There are other layers of history in The Scapegoat as well. Thessaloniki, the city where the action is set, only became part of the Greek state in 1912, when it passed from Ottoman rule. Ten years later, the failure of an expansionist attempt in Asia Minor brought about 1.5 million Christians, most of them ethnically Greek, to Greece from Anatolia, while some 350,000 Muslims were deported to Turkey. Part of that population exchange involved the survivors of the genocide of Greeks in the Pontus region — among them Staktopoulos’s family. The story Manolis Gris’s mother tells in the novel of her family’s flight to “Salonica” (another name for Thessaloniki, used in this translation to distinguish sections set in the past from sections set in the present) reflects that experience.
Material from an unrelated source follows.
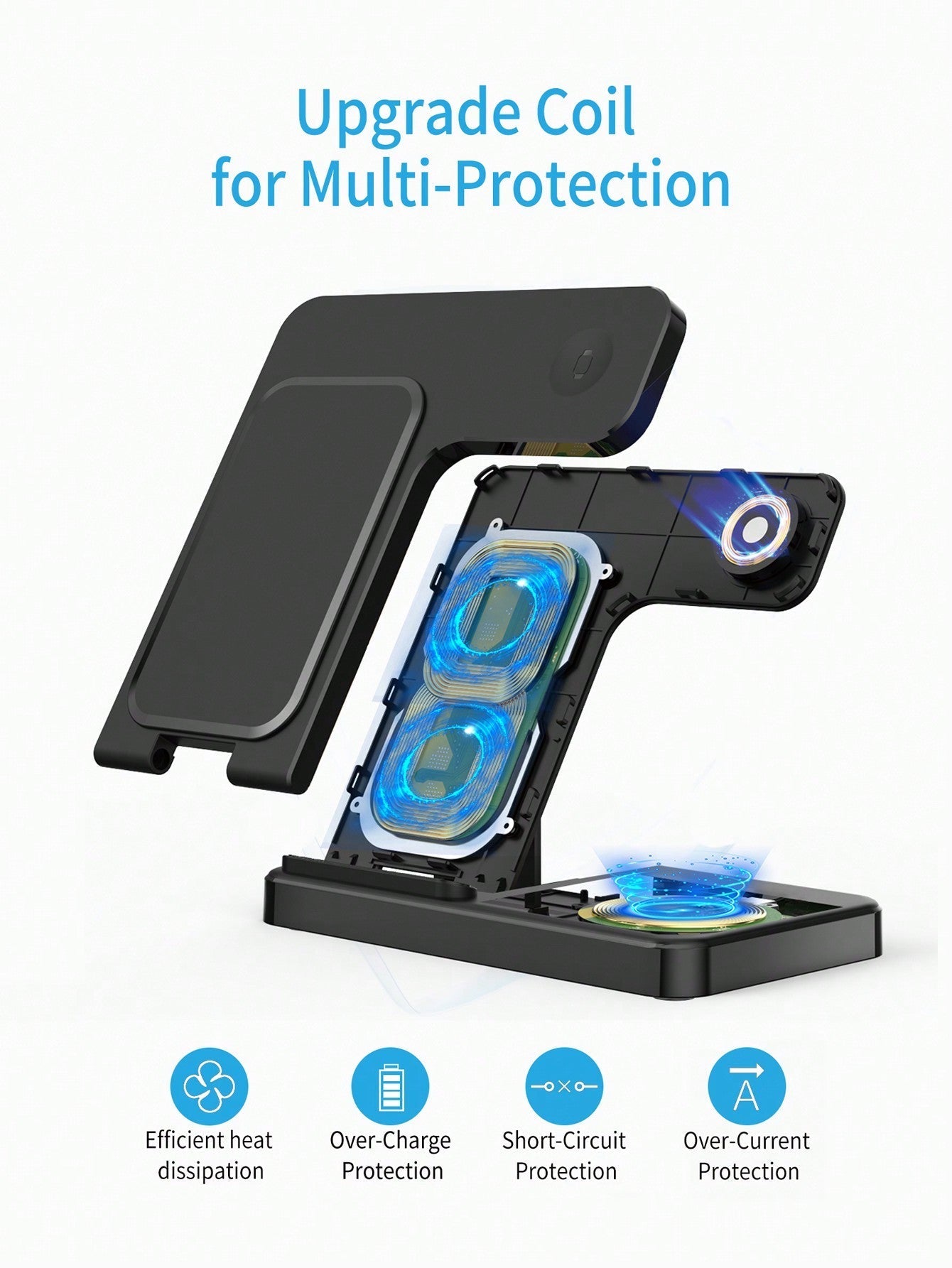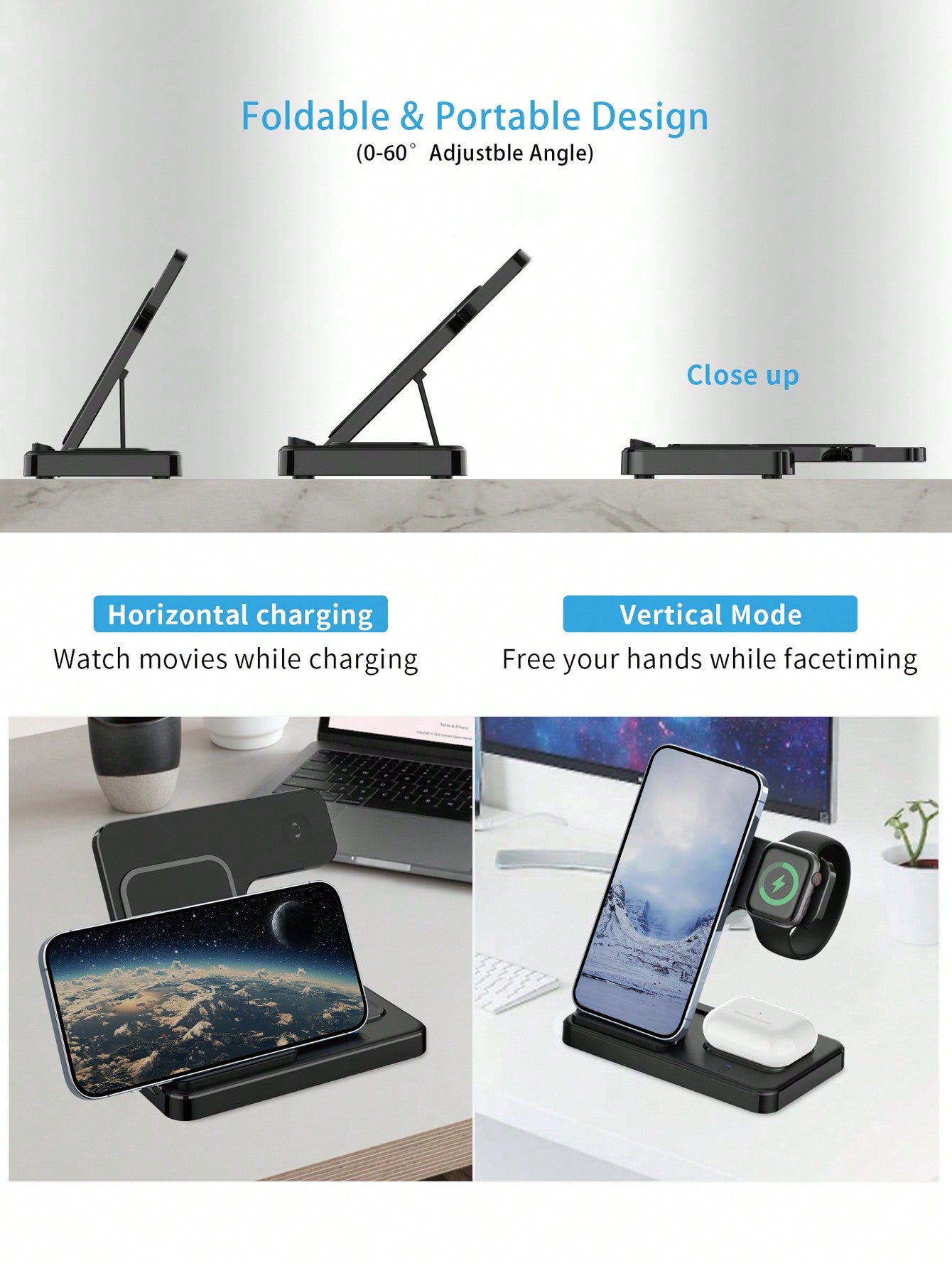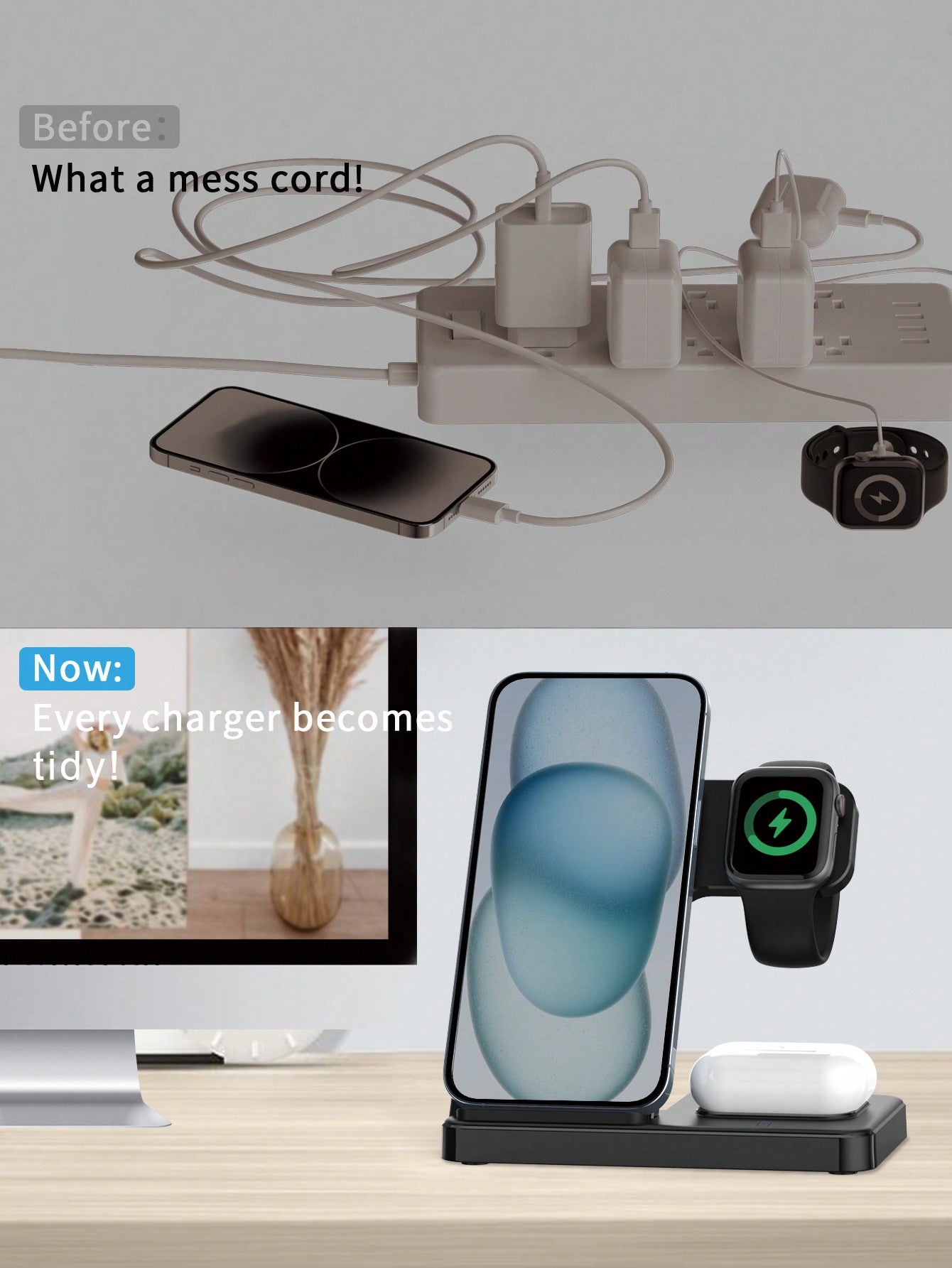 - All-in-One Convenience: No more tangled cords or clutter. This 3-in-1 charging station allows you to charge three of your most used devices in one convenient spot, making it perfect for your desk, nightstand, or kitchen counter.

The novel’s second central narrative, that of high school student Minas Georgiou, takes place in 2010, in the midst of a financial crisis that has also become a deepening social crisis. Social services in Greece — including the public education system — have been gutted in response to conditions set by the European Central Bank and the International Monetary Fund to loans extended to the Greek government. Minas’s reluctance to attend university can more fully be understood in the context of the bleak unemployment rates and sense of hopelessness facing his generation (in 2010, 33 percent of adults under twenty-five were unemployed; that rate has now reached nearly 60 percent). Many of the chapter titles in the book—“Schools Enlighten Only When They Burn,” “Get Your Hands Off Our Brains,” “Mother, There’s a War On Out There. I’ll Be Late”—are taken from graffiti painted on walls in cities all over Greece in recent years. The sit-in at Minas’s school, meanwhile, echoes the wave of student sit-ins prompted by the murder of fifteen-year-old Alexis Grigoropoulos by a police officer in central Athens in 2008. In the riots that followed Grigoropoulos’s death, Greeks, especially of Minas’s generation, expressed their frustration with the Greek state and the country’s uncertain future.